We start with a big, hunking, playful ol’ St. Bernard doggy named Cujo playfully chasing a rabbit, until it accidentally gets bitten by a rabid bat on the nose and wanders back to his master, auto mechanic Joe Camber (Ed Lauter). Meanwhile, meet the family Trenton: Vic (Daniel Hugh-Kelly), the bread-winner of the family, his wife Donna (Dee Wallace) who is having an affair with her ex-boyfriend from high school, Steve Kemp (Christopher Stone–Wallace’s real-life husband), and their 6-year-old son, Tad (Danny Pintauro in his first screen role) who has a strong fear of monsters.

One day, the Trentons meet Cujo, at Camber’s auto shop where Donna notices the bite mark, but nobody cares. Later on, Cujo goes mad and kills the Camber’s alcoholic neighbor, Gary Pervier (Mills Watson) and then Joe inside his garage. With Vic out of town, Donna and Tad return to Cambers house for more car repairs where Cujo attacks them. Donna and Tad take shelter inside their tiny Ford Pinto, but can’t drive away because the alternator is dead. Uh-oh! Under a sweltering sun, Cujo repeatedly attacks the slowing dehydrating pair.
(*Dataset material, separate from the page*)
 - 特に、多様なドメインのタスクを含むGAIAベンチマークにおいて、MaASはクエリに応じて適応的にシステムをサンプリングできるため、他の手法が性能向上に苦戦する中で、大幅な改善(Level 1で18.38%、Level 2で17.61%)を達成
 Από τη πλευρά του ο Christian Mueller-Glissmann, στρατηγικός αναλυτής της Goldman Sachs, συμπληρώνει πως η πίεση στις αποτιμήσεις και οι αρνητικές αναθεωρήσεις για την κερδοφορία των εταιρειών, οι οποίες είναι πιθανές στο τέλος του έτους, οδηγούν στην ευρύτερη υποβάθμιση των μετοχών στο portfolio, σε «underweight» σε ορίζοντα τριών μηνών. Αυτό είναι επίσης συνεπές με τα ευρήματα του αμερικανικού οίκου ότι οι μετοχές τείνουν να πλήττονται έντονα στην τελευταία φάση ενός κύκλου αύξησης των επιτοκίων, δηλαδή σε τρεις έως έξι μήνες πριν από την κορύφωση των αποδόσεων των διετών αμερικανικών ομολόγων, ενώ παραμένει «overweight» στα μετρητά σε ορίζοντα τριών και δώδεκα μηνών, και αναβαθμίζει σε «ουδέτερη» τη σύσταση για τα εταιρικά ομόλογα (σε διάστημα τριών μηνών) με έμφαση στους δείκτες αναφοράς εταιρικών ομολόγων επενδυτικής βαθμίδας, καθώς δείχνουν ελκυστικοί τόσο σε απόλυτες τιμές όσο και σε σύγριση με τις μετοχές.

Donna knows that she must do something, before they both die from heatstroke or worse, so she figures several game plans of how to get from the car to the house, but each one is foiled by that damned cantankerous canine!

Soon, Sheriff Bannerman (Sandy Ward) arrives! Yaay! Cujo brutally tears him apart. Booo! Donna takes advantage of this and waylays on Cujo with a baseball bat until it splinters in two, leaving only a jagged handle. Cujo jumps at her and is impaled in the stomach. Donna then retrieves her dying son and, in true “he’s not quite dead yet” fashion, Cujo miraculously comes crashing though the kitchen window in a final attempt to kill them both. WTH?? However, Donna finally shoots him dead with the Sheriff’s gun just as Vic shows up.
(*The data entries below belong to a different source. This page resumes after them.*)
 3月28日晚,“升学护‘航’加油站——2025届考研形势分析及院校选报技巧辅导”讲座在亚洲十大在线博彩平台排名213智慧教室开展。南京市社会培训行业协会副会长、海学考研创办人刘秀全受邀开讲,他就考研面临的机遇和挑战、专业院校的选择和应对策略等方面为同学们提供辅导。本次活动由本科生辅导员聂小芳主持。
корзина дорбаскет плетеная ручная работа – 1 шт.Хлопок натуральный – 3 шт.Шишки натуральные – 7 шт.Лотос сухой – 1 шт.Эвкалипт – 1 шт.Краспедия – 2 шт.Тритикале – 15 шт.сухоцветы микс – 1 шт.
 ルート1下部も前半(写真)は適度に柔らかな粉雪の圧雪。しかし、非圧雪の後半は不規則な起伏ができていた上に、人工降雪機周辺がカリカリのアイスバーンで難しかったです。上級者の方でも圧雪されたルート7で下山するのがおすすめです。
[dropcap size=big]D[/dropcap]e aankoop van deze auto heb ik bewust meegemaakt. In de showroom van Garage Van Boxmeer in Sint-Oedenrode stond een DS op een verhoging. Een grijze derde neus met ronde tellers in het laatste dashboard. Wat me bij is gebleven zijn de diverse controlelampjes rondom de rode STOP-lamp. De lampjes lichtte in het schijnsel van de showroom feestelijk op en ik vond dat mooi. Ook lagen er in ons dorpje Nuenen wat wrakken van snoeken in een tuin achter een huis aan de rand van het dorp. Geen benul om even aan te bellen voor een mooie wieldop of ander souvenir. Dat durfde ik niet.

Adapted by Don Carlos Dunaway and Lauren Currier, it’s a little on the cheesy side, but in the hands of director Lewis Teague it came out a winner, thanks to the acting skills of Wallace and Pintauro. Yes, those were mostly puppet and mechanical dogs you saw, but the tension was cranked up as Wallace took this role very seriously. Pintauro even bit Wallace’s fingers in his seizure scene; that scream you hear is real! Even King himself said that Wallace was the best actress he’d ever seen portray a character of his, even better than Kathy Bates in Misery. 
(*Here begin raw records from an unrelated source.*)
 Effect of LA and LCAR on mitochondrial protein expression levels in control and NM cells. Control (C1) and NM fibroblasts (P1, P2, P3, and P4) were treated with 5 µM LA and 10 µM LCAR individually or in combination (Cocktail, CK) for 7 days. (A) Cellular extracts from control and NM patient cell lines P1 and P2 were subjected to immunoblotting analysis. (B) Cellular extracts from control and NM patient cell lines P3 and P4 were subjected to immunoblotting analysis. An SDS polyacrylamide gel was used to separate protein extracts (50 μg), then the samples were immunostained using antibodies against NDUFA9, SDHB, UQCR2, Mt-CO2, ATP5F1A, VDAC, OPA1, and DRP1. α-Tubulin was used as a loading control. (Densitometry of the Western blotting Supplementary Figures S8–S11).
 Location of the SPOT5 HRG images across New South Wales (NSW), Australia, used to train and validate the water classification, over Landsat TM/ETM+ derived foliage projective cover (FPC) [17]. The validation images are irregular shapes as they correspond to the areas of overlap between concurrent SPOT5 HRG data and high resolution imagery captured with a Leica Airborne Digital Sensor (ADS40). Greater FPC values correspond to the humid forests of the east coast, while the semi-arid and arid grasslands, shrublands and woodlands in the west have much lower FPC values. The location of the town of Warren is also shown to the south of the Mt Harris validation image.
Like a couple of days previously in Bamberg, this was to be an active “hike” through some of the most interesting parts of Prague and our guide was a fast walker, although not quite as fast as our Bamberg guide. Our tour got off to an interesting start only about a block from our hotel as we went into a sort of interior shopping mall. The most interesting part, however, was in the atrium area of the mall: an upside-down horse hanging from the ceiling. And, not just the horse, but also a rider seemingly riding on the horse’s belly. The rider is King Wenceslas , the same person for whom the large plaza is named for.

For all you King fans out there, this movie also corresponds to a continuing story-link of other King novels/movies that all had something in common with each other: They all take place in the fictional town of Castle Rock, featured in The Dead Zone, Stand By Me, The Dark Half, and Needful Things. In fact, Cujo hints at having the evil spirit of Frank Dodd inside the dog, since Sheriff Bannerman mentions psychic Johnny Smith several times. Dodd, Bannerman, and Smith are all characters in The Dead Zone.